Yes! Intonation on the guitar is a huge problem - much bigger than people realize. Because of this, only a few players with amazing pitch/vibrato control can actually play a good sounding and slow melody with sustained notes.
Also, many chord voicings will sound horrible without some kind of modulation effect (ie chorus) to hide the out-of-tune notes.
After a while we learn to work around this problem, some people even argue it's not a problem and that it just adds character to the instrument. But I think the guitar is so sensitive to our input that we don't really need this kind of additional handicap.
Yeah, I don't think it's a 'problem' at all. It
can be annoying on a crappy instrument or one that is horribly out of adjustment.
We've been tuning
more or less to what we now call 12-tone equal temperament (12 tet) for a long time (JS Bach, 17th cent). Pianos, keyboards, all fretted insts and most keyed/valved wind and brass insts are pretty 'fixed' as far as their intonation is concerned. It'll only even become an issue when a fixed, equal temperament instrument plays in an ensemble with 'justly' tuned instruments. And even then I bet most folks wouldn't even notice the pitch discrepancies.

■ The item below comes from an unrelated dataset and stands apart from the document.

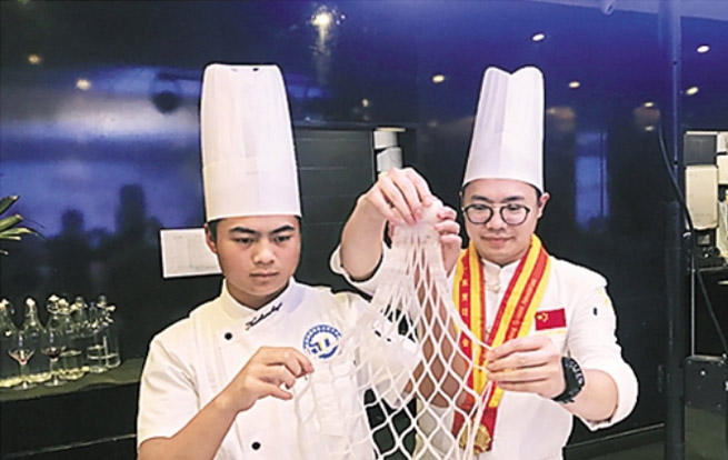 其中,“气球上切菜”令观看者惊叹不已:厨师蒙住双眼,在气球上将土豆片切成可穿过针孔的细丝。英国前国际发展部国务大臣麦克·贝茨勋爵一边赞叹,一边掏出手机录下全过程。

A well made guitar or bass with a proper set up as well as a player that knows how to properly fret a string not to mention tune their instrument can play very in tune, long melodies as well as thousands of different chord voicings in all keys.
Equal temperament was an incredibly liberating discovery allowing large ensembles of varied and different instruments to be able to play together in tune and in more than one or two keys. In fact 'equally' in tune (or equally
out of tune if you're a baroque era cynic) over all 12 keys. It made modulation possible. The importance of equal temperament to western music can not be over stated.